* YOUR INSTRUCTIONS
Return all of the data that follows precisely, leaving every image out.

* THE INPUT
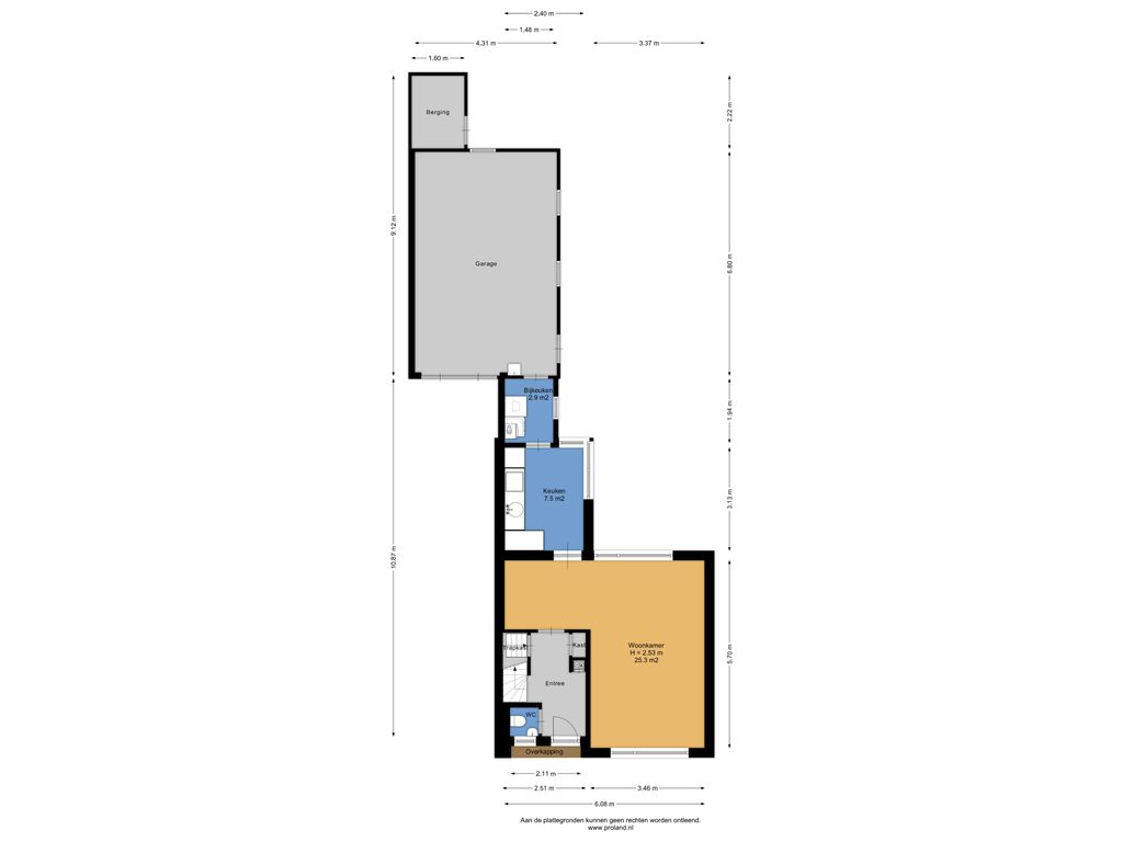 Entree, hal, toilet, woonkamer dichte keuken met inbouwapparatuur, bijkeuken en via de bijkeuken naar de ruime garage. Via buitenom naar de berging, leuke onderhoudsarme tuin.
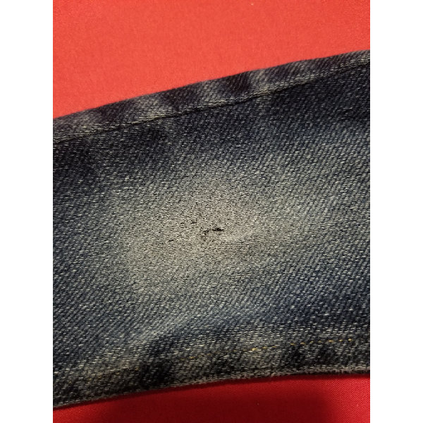Die Linke Jeans hat mehr Gebrauchsspuren und ist an den Knien schon fast durchgescheuert (2. Bild). Bei der anderen Jeans ist der Stoff an den Knien auch bereits heller, aber von Löchern noch deutlich entfernt.
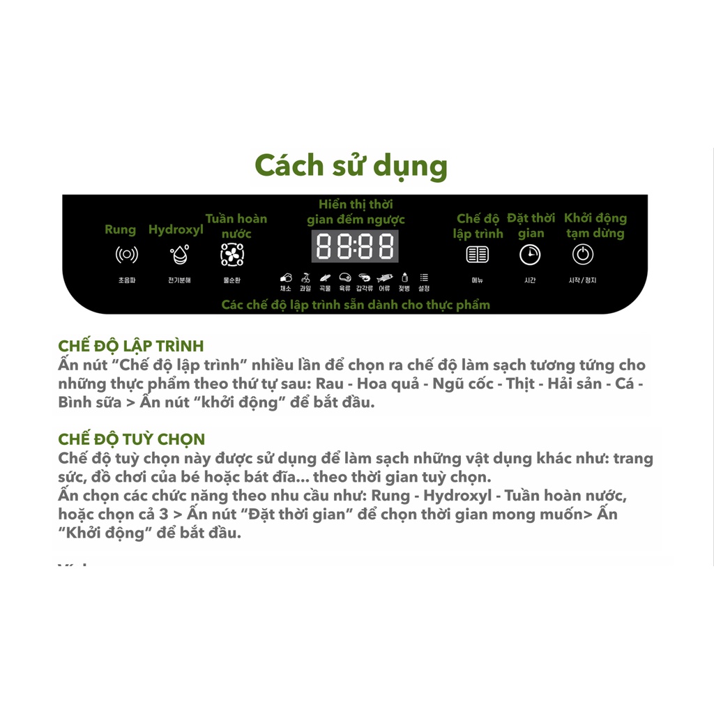 - Thực phẩm sau khi được rửa qua máy có thể loại bỏ đến 99,99% các chất gây hại cho sứ.c khỏe, khử mùi hôi, tanh, sạch hơn cả phương pháp rửa truyền thống.
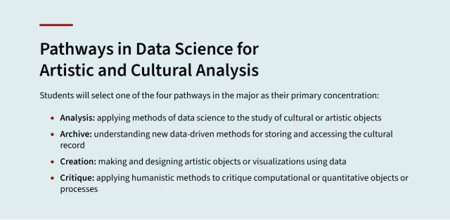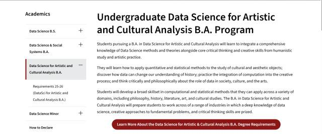 第一个叫「数据科学与艺术文化分析」(Data Science for Artistic and Cultural Analysis),挂在数据科学学士学位下,专门为热爱人文艺术、同时想掌握数据技能的学生设计。
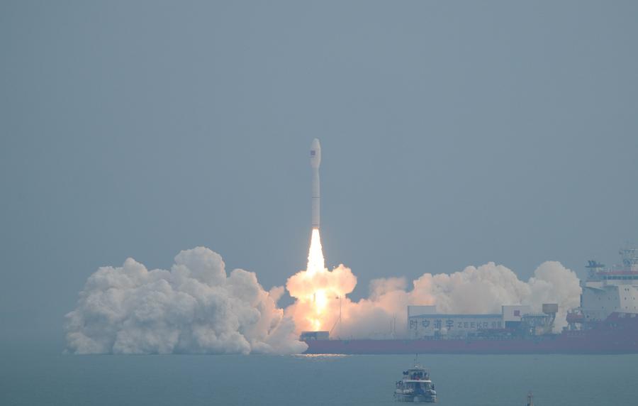 It came after a rocket lifted off on Wednesday from the sea in east China's Shandong Province, sending 11 Geely-06 satellites into a preset orbit.
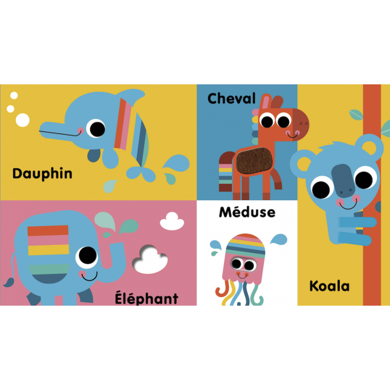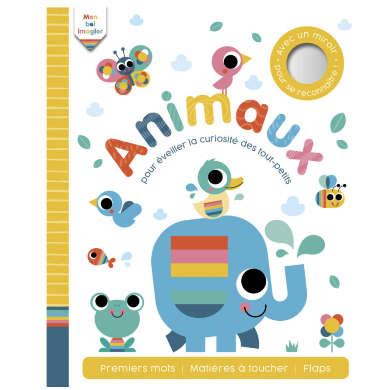La girafe, l’étoile de mer, le koala… dans ce beau livre d’éveil, bébé va faire connaissance avec 30 animaux très mignons ! Les dessins sont simples et colorés pour éveiller l’intérêt. Des surfaces tactiles sur toutes les pages, 5 matières à toucher (feutrine, peluche, papier pailleté…) et 5 découpes stimulent le sens du toucher. Un grand flap crée la surprise et un miroir invite les petits curieux à regarder leur frimousse pour des éclats de rire garantis ! Dès la naissance.
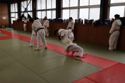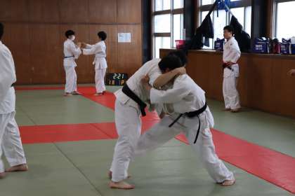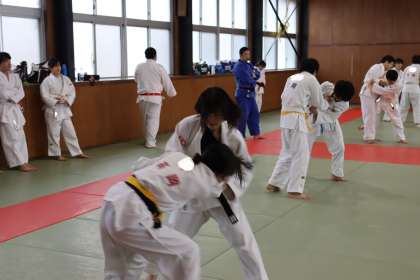高校に進学した卒業生に加え、高校入学後も柔道を継続する意思のある3年生も練習に参加していました。先輩の強さを改めて感じているようでした。
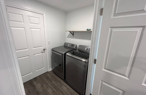 * washer and dryer with laundry pods and dryer sheets We also have a ironing board and iron available. (The laundry room is shared with the unit next door.)
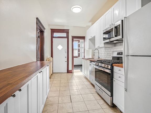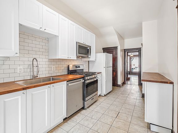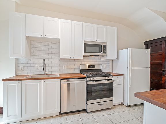 What a location! Charming raised front porch Federal-style rowhome with 4 bedrooms and 2 bathrooms. Nearly 1,700 square feet filled with original details, including natural mill work and pocket doors. The first floor has excellent living and dining space, original hardwood floors and tall ceilings. The brand new kitchen has a gas range, dishwasher, refrigerator and a sizable pantry. Upstairs, there are four bedrooms with hardwood floors and good closet space. The full bathroom is accessible from the hallway. The large basement has street-level access, making it perfect for bikers. The basement has another full bathroom, laundry and plentiful storage. A small, fenced yard accessible from a walk-through alley is perfect for your outdoor relaxation. Central, radiator heat and window air conditioning. Pets allowed with a non-refundable $200/pet deposit. Room Dimensions: Living Room: 12'1" (w) x 14' (l); Parlor Room: 12'1" (w) x 9'1" (l); Dining Room: 10'6" (w) x 15'6" (l); Front of house, small bedroom: 8'1" (w) x 12'2" (l); Front of house, large bedroom: 10'5" (w) x 17'1" (l); Back of house, small bedroom: 8' (w) x 9'11" 9 (l); Back of house, large bedroom, with private balcony: 10'8" (w) x 15' (l) Renter responsible for gas, electric and water. Pets considered on a case-by-case basis. $200/pet non-refundable deposit required. EHO.
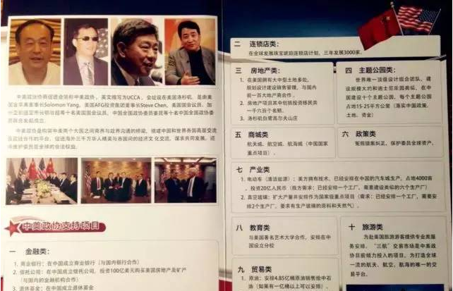 在一份中美政治协商促进会的宣传品上,印刷了洛杉矶县亚凯迪亚市前市长鄂志超、相声名家姜昆和陈立等人的照片,尽管鄂志超通过当地媒体宣称自己被利用,但对华人的名人效应已发生。
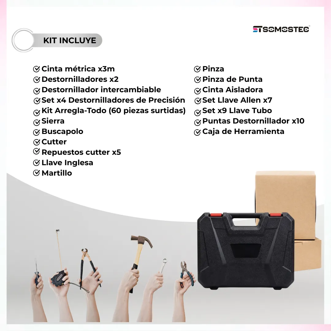 Incluye una amplia variedad de herramientas esenciales como destornilladores, puntas intercambiables, llaves, alicates, dados y accesorios, todo cuidadosamente organizado en un práctico maletín resistente que facilita su transporte y almacenamiento.
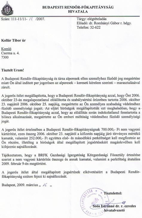 A jogerős ítéletben a pénzbeli marasztalás mellett bocsánatkérésre is kötelezték, mind az elsőrendű BRFK-t, mind a másodrendű Készenléti Rendőrséget (lánykori neve: REBISZ).
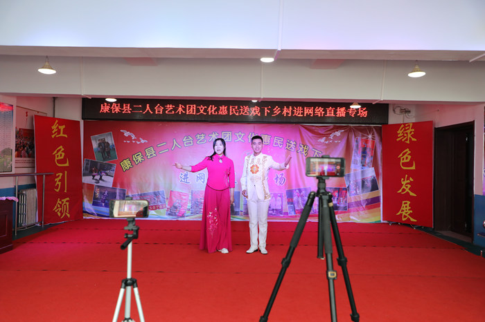 今年以來,受疫情影響不能線下聚集觀演,康??h新時代文明實踐中心指導(dǎo)二人臺藝術(shù)團開始嘗試用手機直播的形式,通過“線上”二人臺表演將最新的理論政策通過熟悉的“鄉(xiāng)音”送到老百姓身邊。
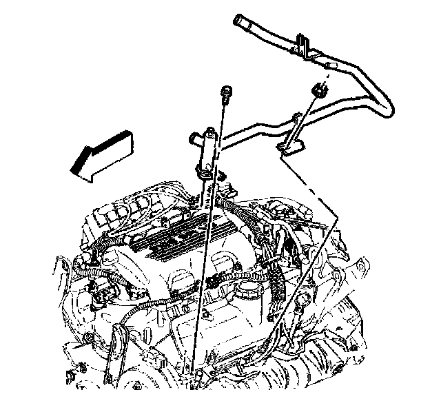 11. Remove the thermostat bypass pipe-to-engine front cover bolt.
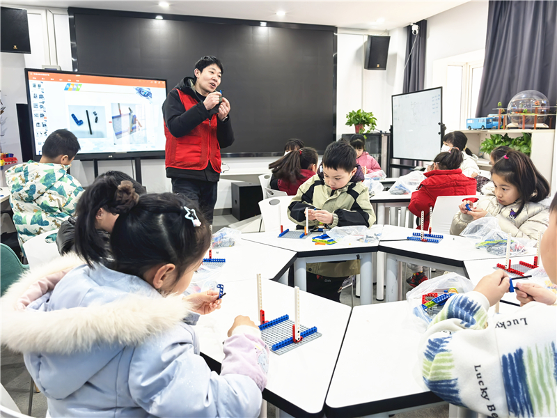 在理论学习的基础上,活动进入最受期待的动手制作环节。科普老师为每位儿童分发了制作材料,耐心指导大家组装、调试,一步步完成简易版失重训练仪的制作。孩子们认真操作、积极思考,遇到问题时主动向老师请教,在亲手实践中深化对科学原理的理解,体验动手创造的乐趣,当一个个专属的“失重训练仪”顺利完成时,孩子们脸上洋溢着满满的成就感。
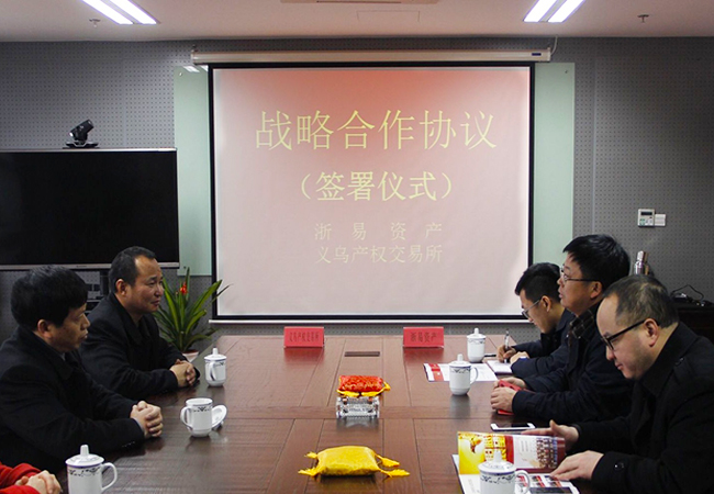 2016年2月4日,浙易資產與義烏市產權交易所簽訂戰(zhàn)略合作協議,浙易資產董事長朱巧偉、總經理曹晨及義烏產交所總經理趙秋明、副總經理陳喜忠出席。

* TASK SOLUTION
 Entree, hal, toilet, woonkamer dichte keuken met inbouwapparatuur, bijkeuken en via de bijkeuken naar de ruime garage. Via buitenom naar de berging, leuke onderhoudsarme tuin.
Die Linke Jeans hat mehr Gebrauchsspuren und ist an den Knien schon fast durchgescheuert (2. Bild). Bei der anderen Jeans ist der Stoff an den Knien auch bereits heller, aber von Löchern noch deutlich entfernt.
 - Thực phẩm sau khi được rửa qua máy có thể loại bỏ đến 99,99% các chất gây hại cho sứ.c khỏe, khử mùi hôi, tanh, sạch hơn cả phương pháp rửa truyền thống.
 第一个叫「数据科学与艺术文化分析」(Data Science for Artistic and Cultural Analysis),挂在数据科学学士学位下,专门为热爱人文艺术、同时想掌握数据技能的学生设计。
 It came after a rocket lifted off on Wednesday from the sea in east China's Shandong Province, sending 11 Geely-06 satellites into a preset orbit.
La girafe, l’étoile de mer, le koala… dans ce beau livre d’éveil, bébé va faire connaissance avec 30 animaux très mignons ! Les dessins sont simples et colorés pour éveiller l’intérêt. Des surfaces tactiles sur toutes les pages, 5 matières à toucher (feutrine, peluche, papier pailleté…) et 5 découpes stimulent le sens du toucher. Un grand flap crée la surprise et un miroir invite les petits curieux à regarder leur frimousse pour des éclats de rire garantis ! Dès la naissance.
高校に進学した卒業生に加え、高校入学後も柔道を継続する意思のある3年生も練習に参加していました。先輩の強さを改めて感じているようでした。
 * washer and dryer with laundry pods and dryer sheets We also have a ironing board and iron available. (The laundry room is shared with the unit next door.)
 What a location! Charming raised front porch Federal-style rowhome with 4 bedrooms and 2 bathrooms. Nearly 1,700 square feet filled with original details, including natural mill work and pocket doors. The first floor has excellent living and dining space, original hardwood floors and tall ceilings. The brand new kitchen has a gas range, dishwasher, refrigerator and a sizable pantry. Upstairs, there are four bedrooms with hardwood floors and good closet space. The full bathroom is accessible from the hallway. The large basement has street-level access, making it perfect for bikers. The basement has another full bathroom, laundry and plentiful storage. A small, fenced yard accessible from a walk-through alley is perfect for your outdoor relaxation. Central, radiator heat and window air conditioning. Pets allowed with a non-refundable $200/pet deposit. Room Dimensions: Living Room: 12'1" (w) x 14' (l); Parlor Room: 12'1" (w) x 9'1" (l); Dining Room: 10'6" (w) x 15'6" (l); Front of house, small bedroom: 8'1" (w) x 12'2" (l); Front of house, large bedroom: 10'5" (w) x 17'1" (l); Back of house, small bedroom: 8' (w) x 9'11" 9 (l); Back of house, large bedroom, with private balcony: 10'8" (w) x 15' (l) Renter responsible for gas, electric and water. Pets considered on a case-by-case basis. $200/pet non-refundable deposit required. EHO.
 在一份中美政治协商促进会的宣传品上,印刷了洛杉矶县亚凯迪亚市前市长鄂志超、相声名家姜昆和陈立等人的照片,尽管鄂志超通过当地媒体宣称自己被利用,但对华人的名人效应已发生。
 Incluye una amplia variedad de herramientas esenciales como destornilladores, puntas intercambiables, llaves, alicates, dados y accesorios, todo cuidadosamente organizado en un práctico maletín resistente que facilita su transporte y almacenamiento.
 A jogerős ítéletben a pénzbeli marasztalás mellett bocsánatkérésre is kötelezték, mind az elsőrendű BRFK-t, mind a másodrendű Készenléti Rendőrséget (lánykori neve: REBISZ).
 今年以來,受疫情影響不能線下聚集觀演,康??h新時代文明實踐中心指導(dǎo)二人臺藝術(shù)團開始嘗試用手機直播的形式,通過“線上”二人臺表演將最新的理論政策通過熟悉的“鄉(xiāng)音”送到老百姓身邊。
 11. Remove the thermostat bypass pipe-to-engine front cover bolt.
 在理论学习的基础上,活动进入最受期待的动手制作环节。科普老师为每位儿童分发了制作材料,耐心指导大家组装、调试,一步步完成简易版失重训练仪的制作。孩子们认真操作、积极思考,遇到问题时主动向老师请教,在亲手实践中深化对科学原理的理解,体验动手创造的乐趣,当一个个专属的“失重训练仪”顺利完成时,孩子们脸上洋溢着满满的成就感。
 2016年2月4日,浙易資產與義烏市產權交易所簽訂戰(zhàn)略合作協議,浙易資產董事長朱巧偉、總經理曹晨及義烏產交所總經理趙秋明、副總經理陳喜忠出席。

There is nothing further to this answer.